On the particular point at issue in this case — Arizona’s requirement of proof of citizenship before one may register to vote or actually vote — the Scalia opinion said that a state was free to ask the federal government for permission to add that requirement. And, Scalia said, if that doesn’t work — either because the federal agency that would deal with such a request is either not functioning or says no — then a state would be free to go to court and make an argument that it has a constitutional right to insist on proof of citizenship as an absolute qualification for voting, in all elections.
The opinion seemed to leave little doubt that, if Arizona or another state went to court to try to establish such a constitutional power, it might well get a very sympathetic hearing, because that part of the Scalia opinion laid a very heavy stress on the power of states under the Constitution to decide who gets to vote. Indeed, that part of the opinion said that the Constitution simply does not give Congress the power to decide who can qualify, but only how federal elections are run procedurally.

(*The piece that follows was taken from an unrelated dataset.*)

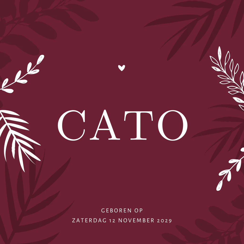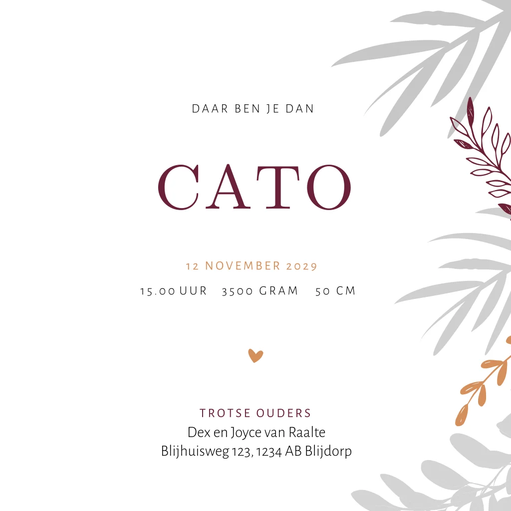 Hip geboortekaartje voor een meisje met foliedruk. Dit kaartje Cato heeft een trendy bordeaux rode achtergrondkleur en verschillende botanische takjes en bladeren. De goudkleurige elementen op de voorzijde gedrukt in echt goudfolie. Dat geeft de kaart een luxe uitstraling. De kleur is gemakkelijk aan te passen naar zilverfolie of roséfolie.

It will be up to lower courts — and election-law specialists — to sort out just how to reconcile the two parts of the Court’s majority opinion. And it appears there may well be quite a few opportunities to do so, because of the rising number of efforts — particularly in states in which Republicans have control of state governments — to impose new voter ID and other restrictions on the right to vote.
If the Arizona ruling turns out, in the future, to widen the power of states to limit the right to vote, the decision might turn out to have been far more decisive than its internal contradictions suggested on first reading on Monday.
The other factor worth noting here is that the Constitution only gives Congress authority to regulate Federal elections. Outside of laws such as the Voting Rights Act of 1965, Congress has no real authority over state and local elections. Theoretically, Arizona could possibly set up a completely separate registration system for such elections and the “Motor Voter” law would have no real authority over it. Realistically, this would likely be far too administratively cumbersome to be practical. Instead, states like Arizona are likely to take the steps that Denniston mentioned such as petitioning the Federal Government and Congress specifically to add to the Federal Form some requirement to provide documentation to prove citizenship such as providing a copy of a birth or naturalization certificate. Assuming that the relevant authorities declined such a request, which seems likely, the states would then be free to go to court to seek permission to impose their own additional requirements given the rejection by Federal authorities. Based on the tone of the later part of the Majority Opinion, it would seem that such an application would be treated sympathetically if it came before the Court as it exists today.